A natural question arises: what is the “shape” of this space?
- Is it flat like Euclidean space, where the shortest path between two points is a straight line and notions of distance are straightforward?
- Or does it have a more complex, curved structure?
Standard Euclidean geometry often falls short when applied to the parameter spaces of statistical models. For instance, a step of size \(\epsilon\) in one parameter might change the distribution much more significantly than a step of the same size \(\epsilon\) in another parameter, or even in the same parameter but at a different location in the parameter space. This suggests that the naive Euclidean distance between parameter vectors is not a “natural” or “intrinsic” measure of how different the corresponding distributions are.
Information Geometry addresses this by endowing the space of probability distributions with a Riemannian manifold structure. This means we can:
- Define a “local distance” between infinitesimally close distributions that reflects their statistical distinguishability.
- Talk about lengths of paths, angles between directions of change, curvature, and geodesics (the “straightest possible” paths) on this manifold.
This geometric perspective allows us to:
- Gain deeper insights into the behavior of statistical estimators and hypothesis tests.

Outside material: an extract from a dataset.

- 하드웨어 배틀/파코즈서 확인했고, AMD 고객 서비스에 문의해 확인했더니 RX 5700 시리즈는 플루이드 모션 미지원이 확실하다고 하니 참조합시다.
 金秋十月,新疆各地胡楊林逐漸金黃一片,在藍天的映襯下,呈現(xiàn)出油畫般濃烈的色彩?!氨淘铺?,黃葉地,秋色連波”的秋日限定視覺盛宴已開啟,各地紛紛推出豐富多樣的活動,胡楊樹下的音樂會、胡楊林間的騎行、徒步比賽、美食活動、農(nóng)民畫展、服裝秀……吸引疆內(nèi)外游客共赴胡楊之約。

- Understand the properties of information measures like KL divergence.
- Develop more efficient optimization algorithms (like the natural gradient) that respect the intrinsic geometry of the problem space.

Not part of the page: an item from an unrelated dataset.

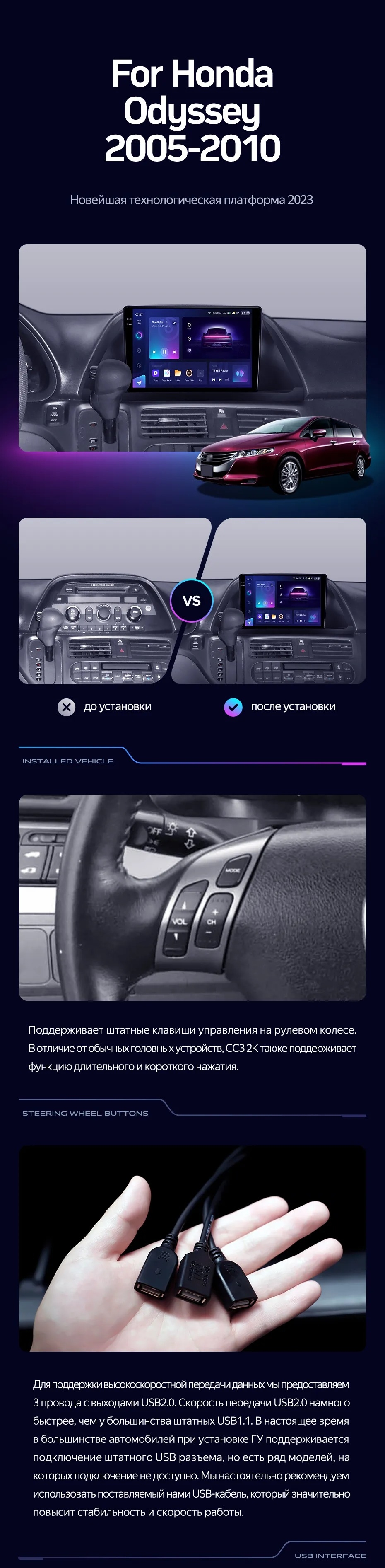 Полный комплект установки магнитолы Teyes с рамкой и проводкой можно выбрать в каталоге штатных магнитол Honda Odyssey (2005-2010) (US EDITION).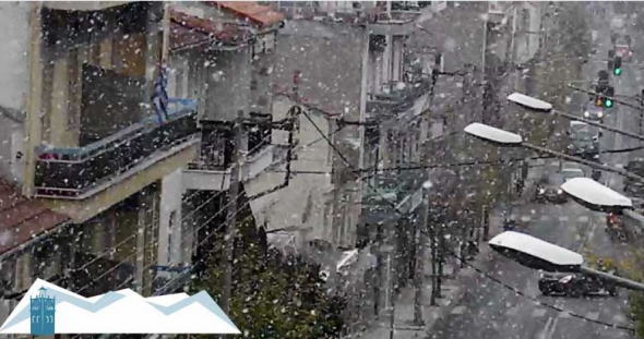 Στα λευκά ντύνεται σιγά-σιγά η Κοζάνη, καθώς η χιονόπτωση άρχισε να γίνεται έντονη λίγο μετά τις 3 το μεσημέρι.

In this part, we will formalize the idea of a “statistical manifold” and introduce the Fisher Information Metric, which provides the machinery for all these geometric notions.
Statistical Manifolds
The core idea is to treat a family of probability distributions as a differentiable manifold, where the parameters of the distributions serve as local coordinates.
Definition. Statistical Model and Statistical Manifold
A statistical model \(S\) is a set of probability distributions parameterized by a vector \(\theta = (\theta^1, \dots, \theta^d) \in \Theta\), where \(\Theta\) is an open subset of \(\mathbb{R}^d\). We denote a distribution in the model as \(p(x; \theta)\), where \(x\) represents the data.
\[S = \{ p(x; \theta) \mid \theta \in \Theta \subseteq \mathbb{R}^d \}\]If the mapping \(\theta \mapsto p(x; \theta)\) satisfies certain regularity conditions (e.g., smoothness, identifiability), the statistical model \(S\) can be regarded as a \(d\)-dimensional differentiable manifold. This is called a statistical manifold. Each point on this manifold corresponds to a unique probability distribution \(p(x; \theta)\), and \(\theta\) are its coordinates.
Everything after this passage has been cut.